Retype the listing exactly, minus its pictures.

* _DATASET EXTRACT_:
---+---

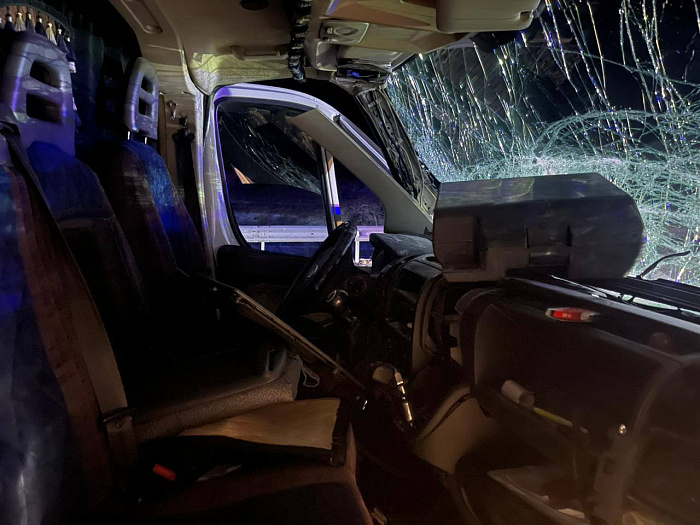 По предварительным данным, автомобиль марки "Газон Некст" столкнулся с внезапно появившейся на дороге коровой. Вследствие столкновения, следующим по той же трассе рейсом автобусом "Фиат Дукато" было совершено вторичное столкновение с грузовиком. В результате аварии два пассажира, находившиеся в автобусе, получили травмы и были доставлены в медицинское учреждение.
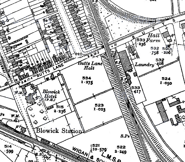 Notes: Butts Lane Halt was located on the former Liverpool, Southport & Preston Junction Railway (LSPJR) Barton branch which had originally opened on the 2 September 1887. Since the 15 July 1897 the line had been part of the Lancashire & Yorkshire Railway (LYR).
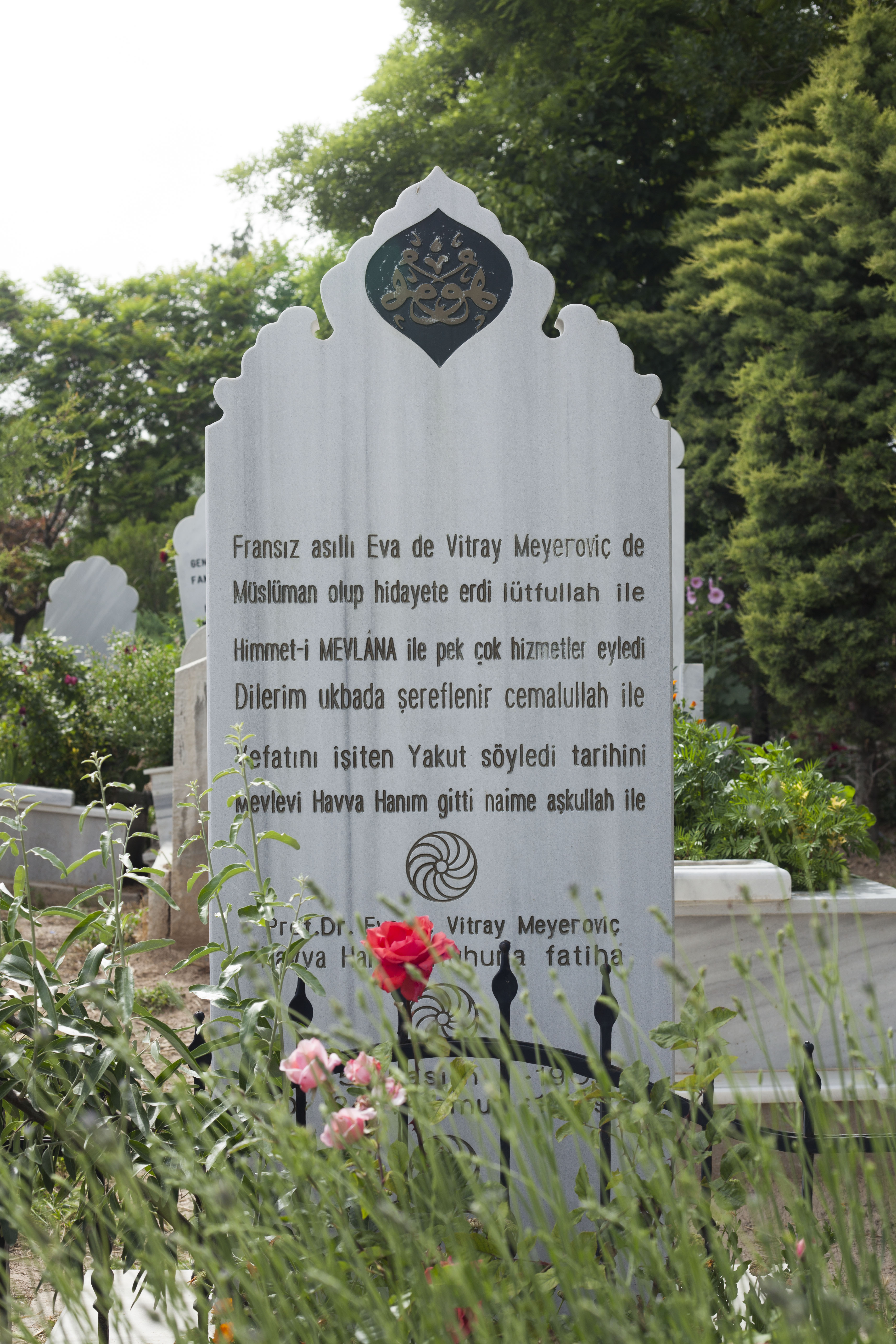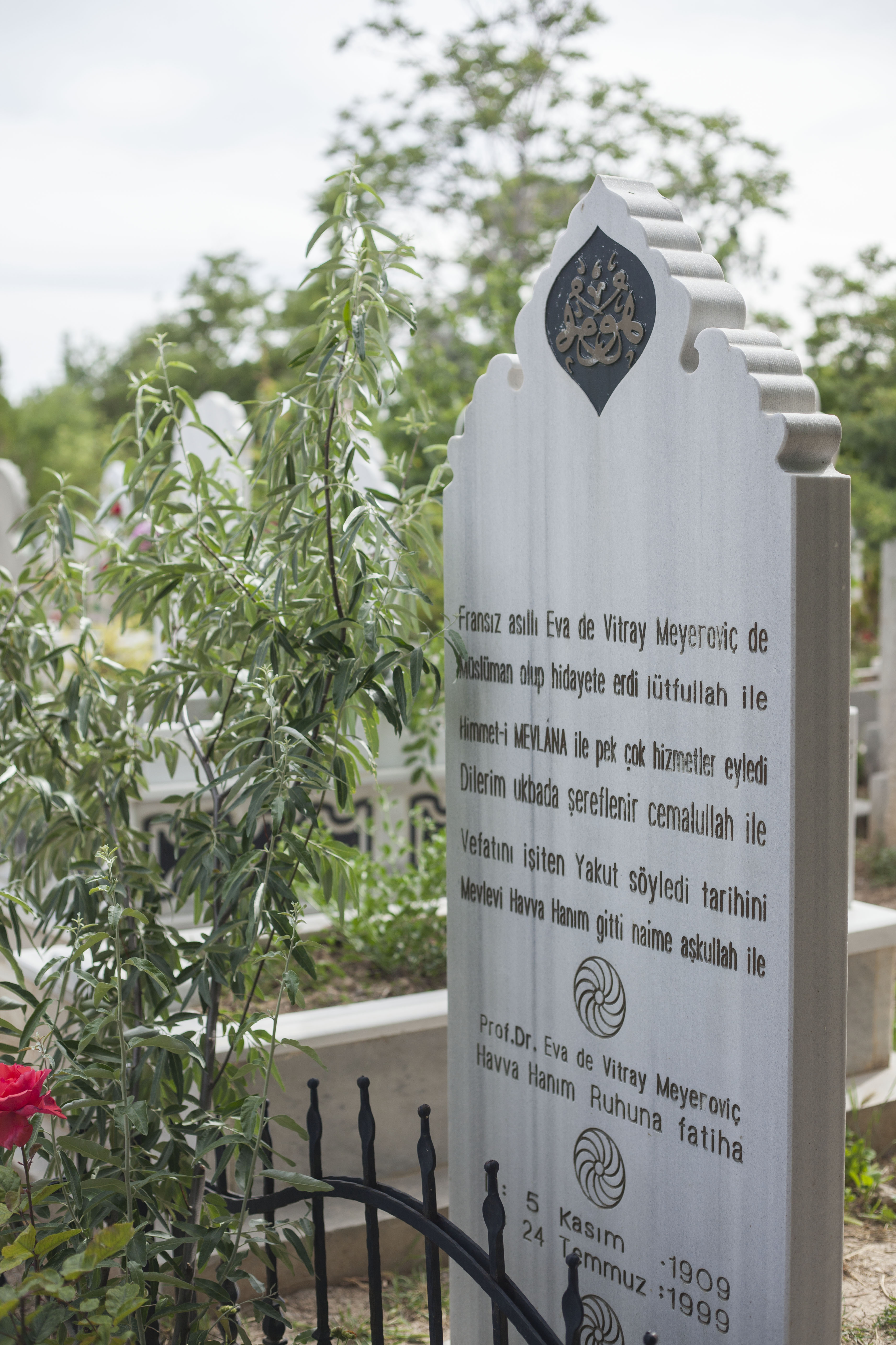 Eva Hanım’ın mezarını ziyaret etmek isteyenler için. Mevlana Türbesi yanındaki Üçler Mezarlığı’nın Şehitlik tarafında Hacı Veyis Camisi’nin yanındaki kapıdan girip sağa doğru ilk yoldan 100 metre kadar ilerleyince sol tarafta görebilirsiniz.

---+---

* _SOLUTION FOR THIS TASK_:
 По предварительным данным, автомобиль марки "Газон Некст" столкнулся с внезапно появившейся на дороге коровой. Вследствие столкновения, следующим по той же трассе рейсом автобусом "Фиат Дукато" было совершено вторичное столкновение с грузовиком. В результате аварии два пассажира, находившиеся в автобусе, получили травмы и были доставлены в медицинское учреждение.
 Notes: Butts Lane Halt was located on the former Liverpool, Southport & Preston Junction Railway (LSPJR) Barton branch which had originally opened on the 2 September 1887. Since the 15 July 1897 the line had been part of the Lancashire & Yorkshire Railway (LYR).
 Eva Hanım’ın mezarını ziyaret etmek isteyenler için. Mevlana Türbesi yanındaki Üçler Mezarlığı’nın Şehitlik tarafında Hacı Veyis Camisi’nin yanındaki kapıdan girip sağa doğru ilk yoldan 100 metre kadar ilerleyince sol tarafta görebilirsiniz.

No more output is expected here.